Mas, curiosa história: eu compro o discurso a estes patriotas, apesar deles, porque não acho que gestores estrangeiros sejam melhores; não creio que os restos da independência, por serem débeis e cada vez menos, se devam alienar; e porque sou a favor da concorrência de estrangeiros em Portugal com portugueses - não sou a favor da concorrência de estrangeiros sem portugueses. Talvez haja alguma justiça histórica em transformarmo-nos, definitivamente, numa colónia, mas não me parece que o eleitor comum, se perguntado e de olhos abertos, votasse a favor de o país evoluir na Europa para o estatuto que S. Tomé teve antes da independência, e Ceuta tem agora.
Estamos num caco, do qual aliás ninguém reconhece a paternidade. Mas o resto da Europa não está propriamente a respirar saúde; tanto que o senhor Draghi, apavorado com o medo da deflacção, a economia que teima em não crescer, o desemprego que não baixa, as mulheres que não têm filhos, os milhões de imigrantes que batem à porta e querem emprego, resolveu acabar com os bancos.
Acabar sim. Porque se o banco, para se financiar, paga zero de juros, não precisa do depositante para nada, e este deixa de ter qualquer incentivo para poupar. E se o mesmo banco é apenas um balcão que empresta dinheiro que o BCE inventou, feito de ar e vento, toda a economia passa a ser de ar e vento, e o banco uma delegação do BCE com a missão de administrar correntes de ar. Que se espere neste contexto investimento que não seja especulativo, um Estado que se reforme e despesa pública que não seja manutenção de clientelas ou elefantes brancos, para mim, releva de loucura - uma loucura que se espera passageira.
Pois este louco, acolitado pelo seu empregado que "governa" o Banco de Portugal, foi agora convidado pelo presidente Marcelo para vir expor coisas ao Conselho de Estado, e aceitou.
Fez muito bem - um maluco, quando é expansivo, precisa de plateias.
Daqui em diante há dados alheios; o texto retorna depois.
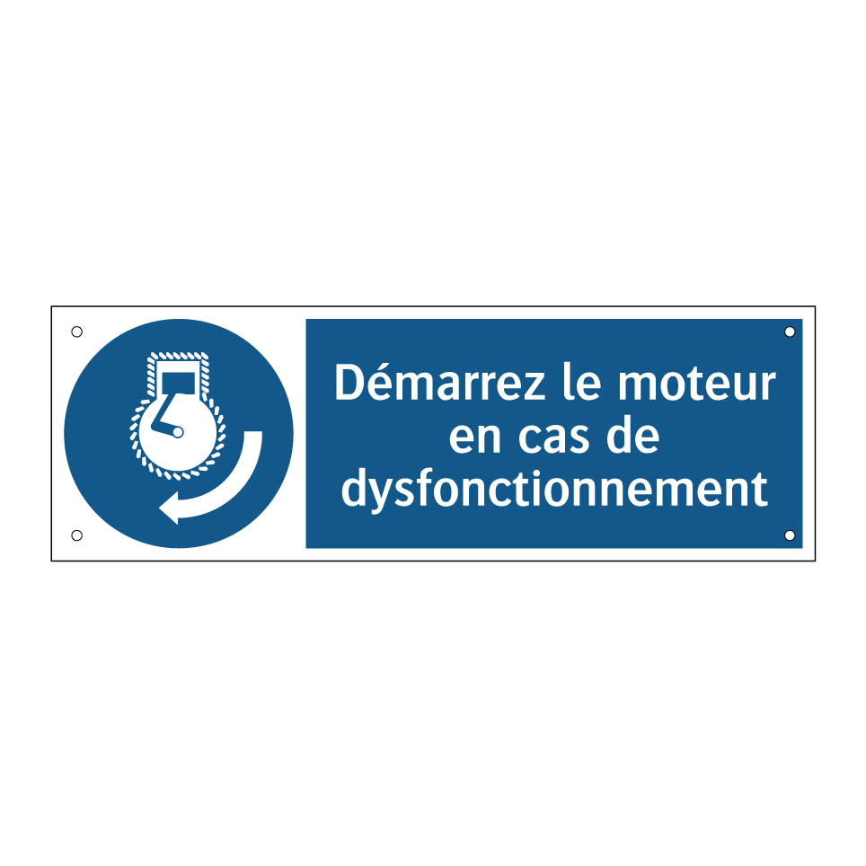 Panneau d'obligation avec le texte : "Démarrez le moteur en cas de dysfonctionnement"
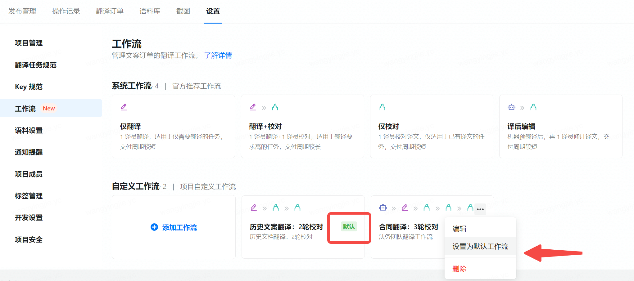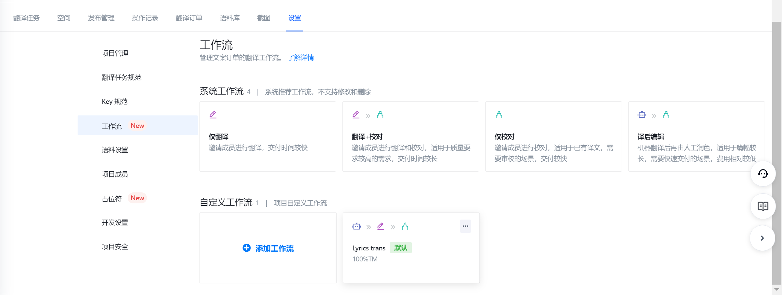 系统内置了4种常见的翻译工作流,系统工作流允许被设置为【默认工作流】,但不支持编辑和删除。
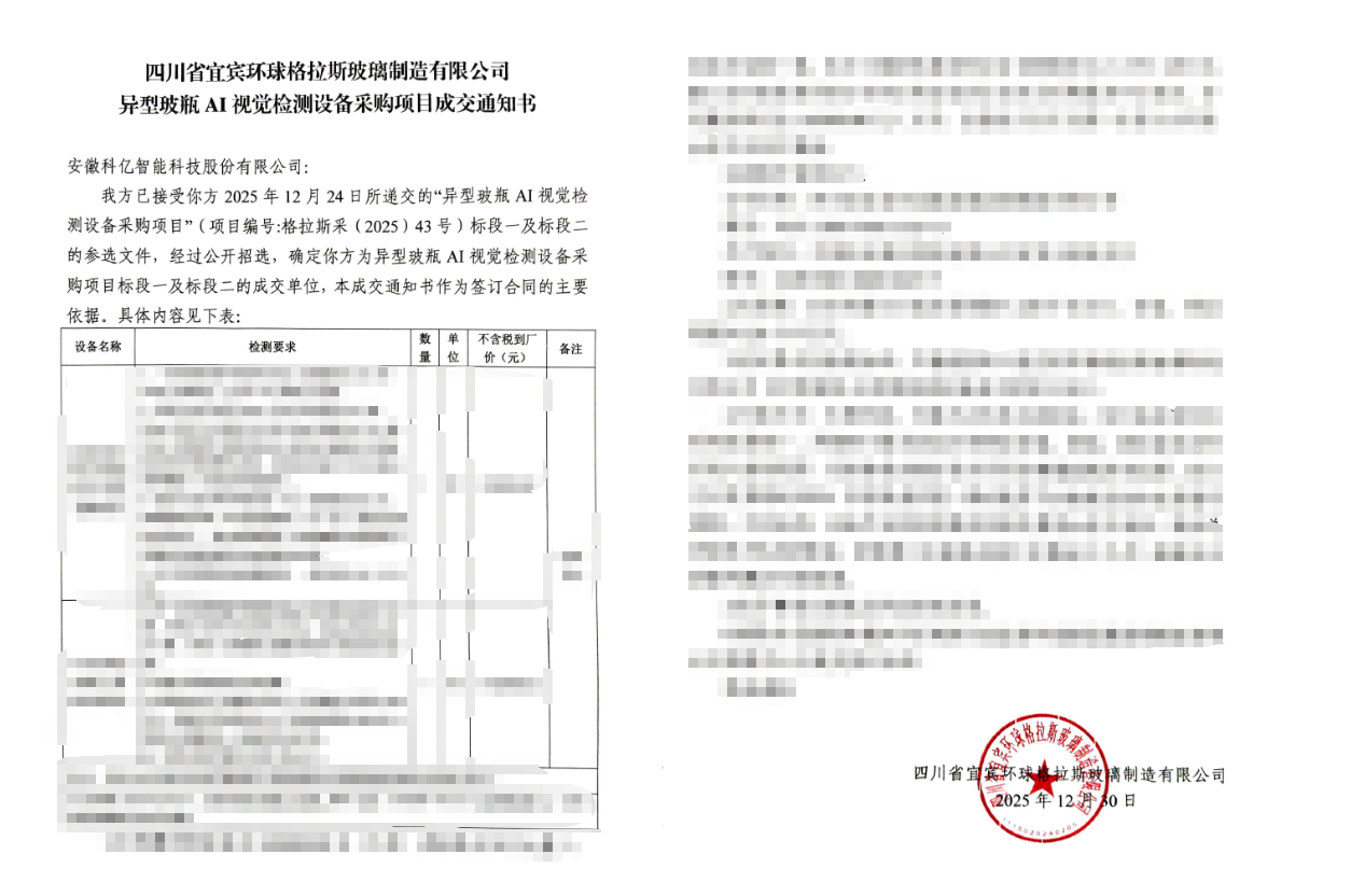 As the year draws to a close, good news keeps coming. Anhui Keye Intelligent Technology Co., Ltd. (hereinafter referred to as Keye Tech) has once again won the bid for the special-shaped glass liquor bottle visual inspection equipment procurement project of Sichuan Yibin Global Glass Manufacturing Co., Ltd., a wholly owned subsidiary of Wuliangye Group.
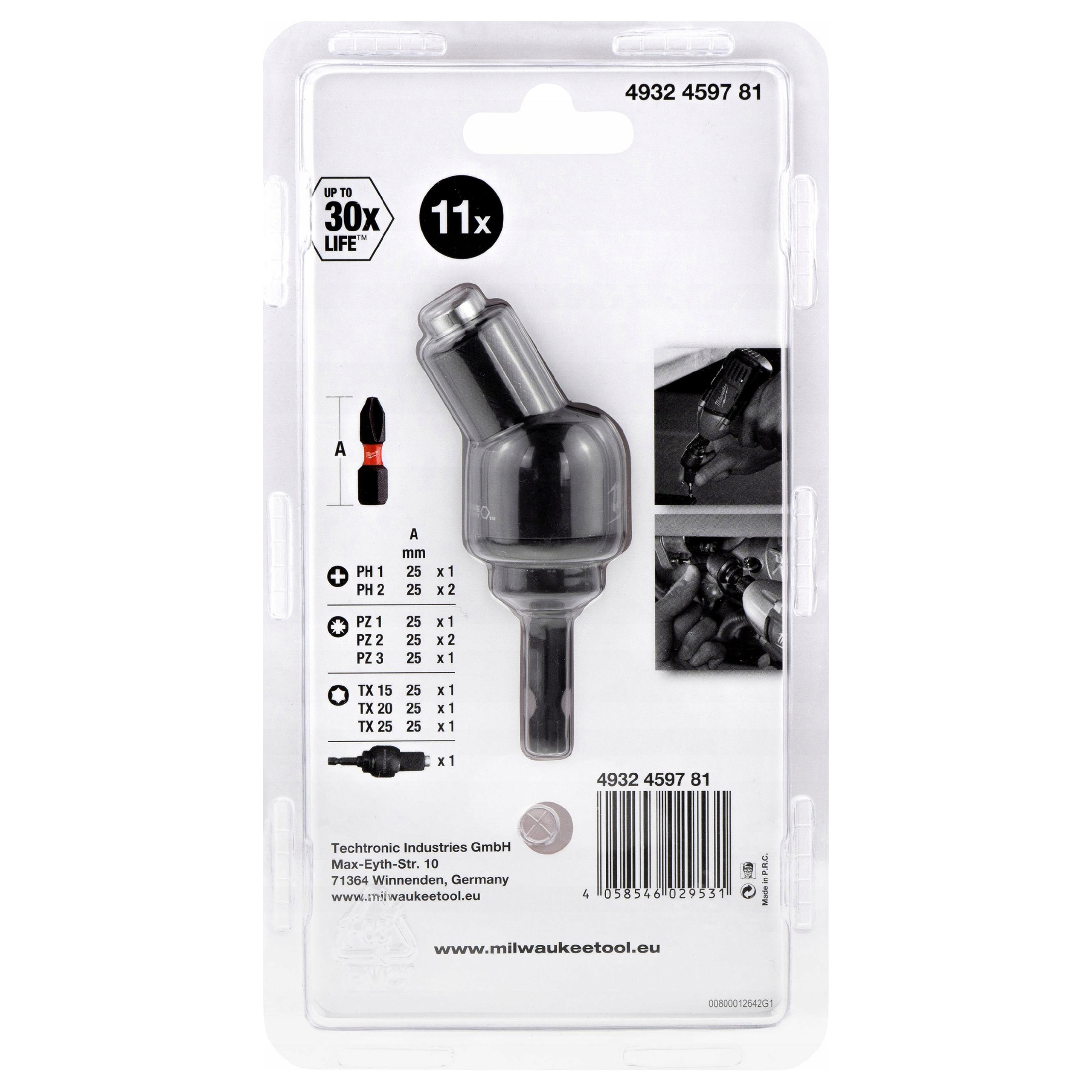 - 1 x PH1, 2 x PH2, 1 x PZ1, 2 x PZ2, 1 x PZ3, 1 x TX15, 1 x TX20, 1 x TX25.
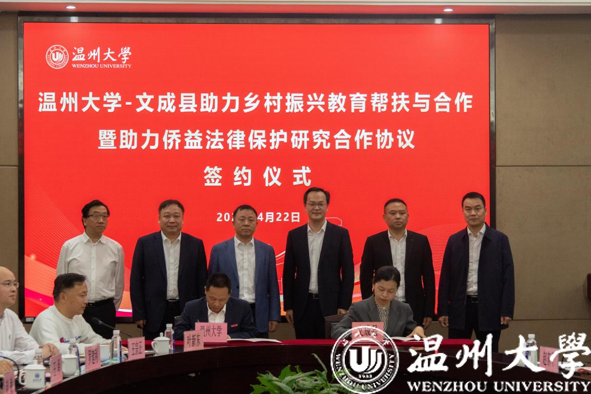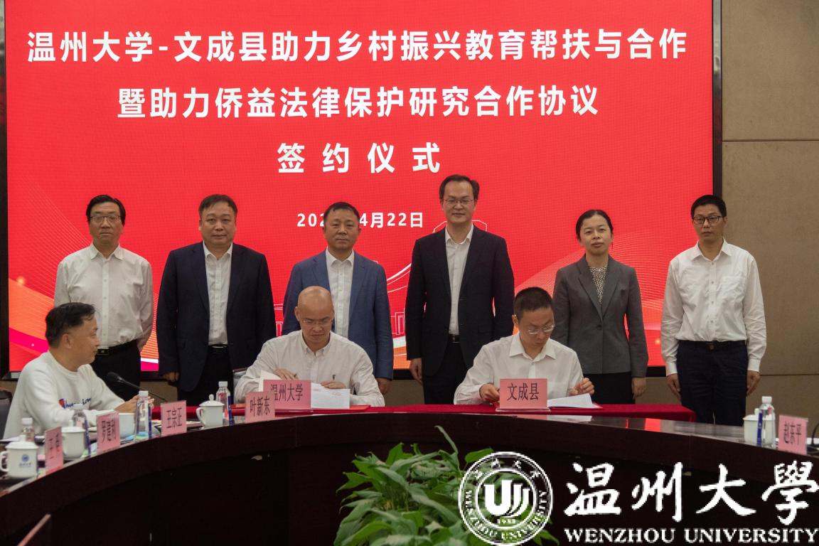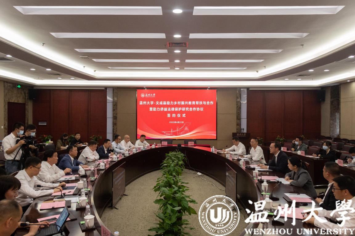 4月22日下午,永利集团官网-文成县助力乡村振兴教育帮扶与合作暨助力侨益法律保护研究合作协议签约仪式在公司举行。校领导谢树华、赵敏、蔡曙光、王舜,文成县县委书记刘中华、副县长吴可塑等领导出席仪式。赵敏主持。
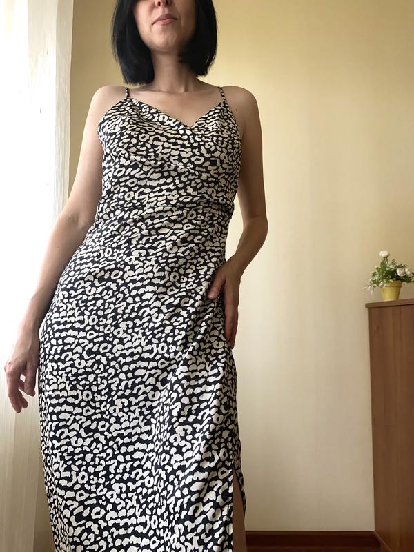 Сатиновое платье-миди в анималистичный принт New look, P-p UK 12 Новая, с биркой, но есть маркетинг в виде стрелочка- смотреть последние фото- в носке незаметно Длина 110 ПОГ 45 ПОТ 40 ПОС 48 💯 Полиэстер
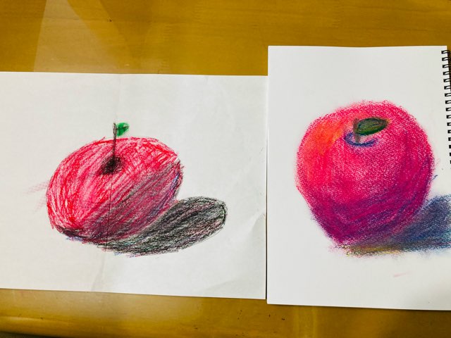 まずはこの絵。下の子が描いたんですが、左が普通のクレヨン。これも上手に描けていますが、右のアートクレヨンで描いた方の立体感がエゲツない! 柴崎ismが炸裂しています!
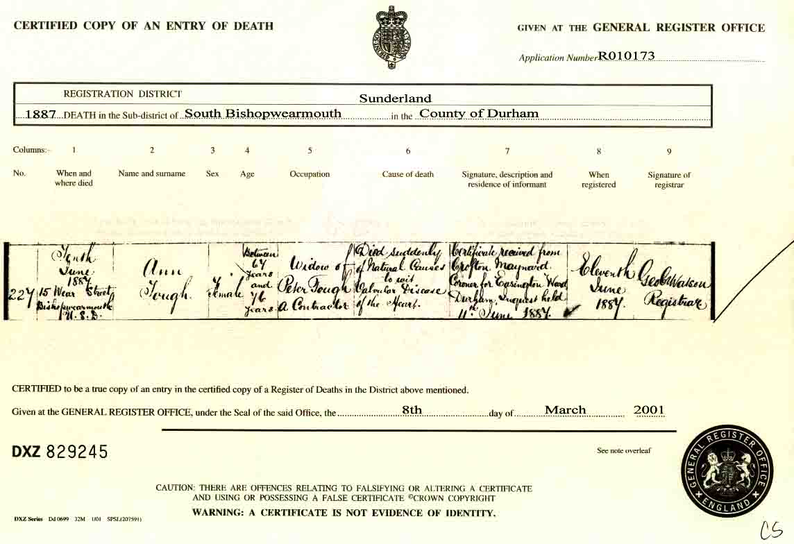 Ann Keith was christened on 28 December 1811, in the parish of Saint Nicholas, Aberdeen. She was the sixth of nine children. Her siblings were, Elspet, Elesebeth, Margaret, Jean, Thomas, Euphemia, Helen and Richard, all born between 1804 and 1825. Elspet was first and was christened in Saint Nicholas in 1804. The next two were christened together in Old Machar in 1806 and appear as if they could be twins. The remaining children were all christened in Saint Nicholas. It is not clear whether the family moved to Old Machar, or for some reason, merely had two daughters christened there. In 1833 she married Peter Tough in the Parish of Saint Nicholas and they went on to have at least three sons; James, John and Alexander. Their son, Alexander, departed to the North East of England in or around 1856 and married. I always assumed Peter and Ann remained in Aberdeen but I have found reference to them in the 1881 census living at the Union Workhouse in Skipton, Yorkshire. Therefore, it is probably fair to say that they was quite poor. Her husband, Peter, died in 1883 at the workhouse. Ann then moved to Sunderland to live near her son, Alexander, and his family. A few years later she died in Sunderland. The death certificate records that she "died suddenly of natural causes, to wit Valvular Disease of the Heart." Valvular Disease of the Heart is described in Webster's 1913 dictionary as
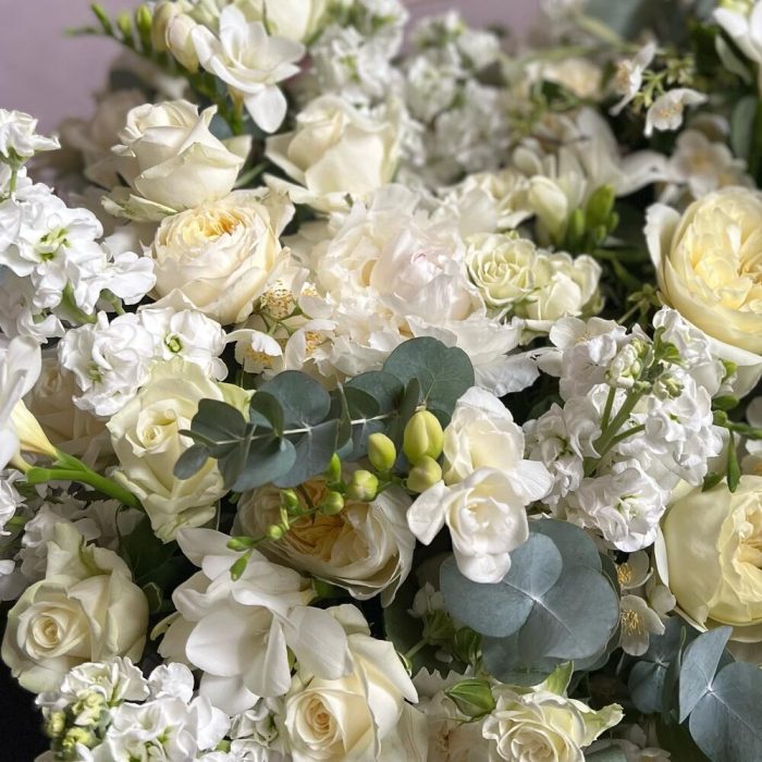Роза – 21 шт.Пион – 1 шт.Роза пионовидная – 7 шт.Фрезия – 28 шт.Маттиола – 35 шт.Гвоздика – 15 шт.Эвкалипт – 13 шт.Корзина плетеная – 1 шт.Флористическая губка – 3 шт.
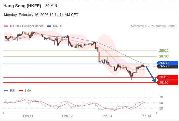 香港恒生指数期货 当日内: 短期关键阻力位在26630。
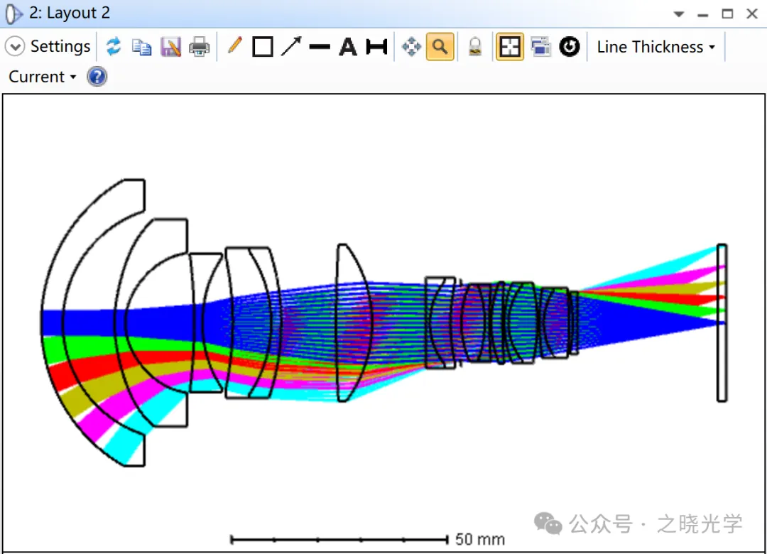 根据设计要求,我们初步设计了一个由十六片透镜组成的光学系统,包括三片非球面透镜设计。初始设计的光学系统结构如图所示。
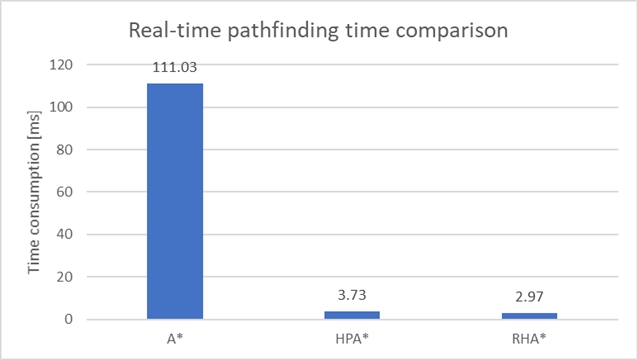 实验结果表明,RHA* 算法的性能表现卓越。在实时路径规划方面,其计算时间相较于 A* 算法减少了96.64%,相较于 HPA* 算法减少了20.38%。在路径质量方面,其生成路径的总成本与 A* 算法计算出的最优路径相比,偏差不超过0.05%,该偏差值比 HPA* 算法降低了99.2%。
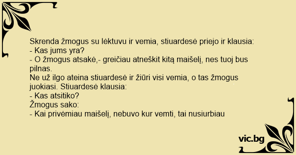 Ne už ilgo ateina stiuardesė ir žiūri visi vemia, o tas žmogus juokiasi. Stiuardesė klausia:
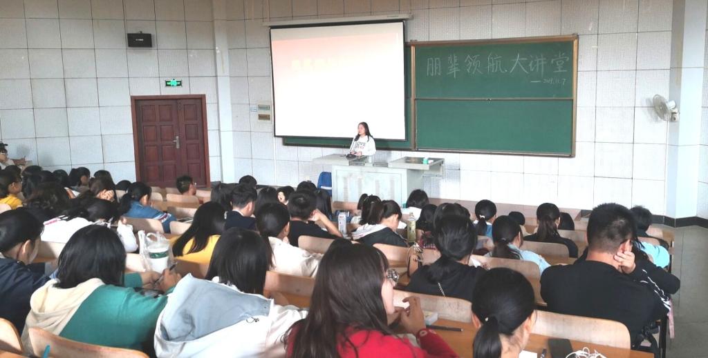 11月7日下午,太阳集团tcy8722朋辈领航报告会在崇德楼T102举行。学院2018-2019学年国家奖学金获得者、湖北省青马工程学员王梅分享了她的大学学习和生活感悟,2019级全体新生参加了报告会。

E a plateia é de estalo: temos frei Anacleto Louçã, que provavelmente achará que, se a coisa não resultar, o melhor mesmo é o BCE pagar para emprestar dinheiro, através da CGD, à economia real; Domingos Abrantes, que declarará, enquanto esfrega as mãos por baixo da mesa (estes capitalistas estão a torcer a corda com que se hão-se enforcar) que os bancos devem todos ser nacionalizados, porque assim a banca poderá prosseguir actividades nobres e produtivas, sem o pecado do lucro privado; Costa que, em chegando a sua vez, rebrilhará de satisfação enquanto expectora as suas conhecidas opiniões sobre competividade, a Conxituição, o pugresso, a reversão da austeridade e a descrispação; Soares que, se se conseguir manter acordado, lembrará que sempre disse que o dinheiro não é problema - faz-se; e Marcelo, que encerrará a reunião histórica com palavras oportunas e sentidas, realçando o afecto que o liga a Draghi, e que este decerto terá em conta moderando o impulso do BCE para diluir nos gigantones espanhóis as banquetas portuguesas e os seus problemas - os quais bancos espanhóis, recorde-se, foram saneados com mais fundos públicos do que os que a troica destinou à totalidade do último resgate português.
Nada disto interessa muito. É como dizem as canções: Que sera, sera.; When the Going Gets Tough, The Tough Get Going.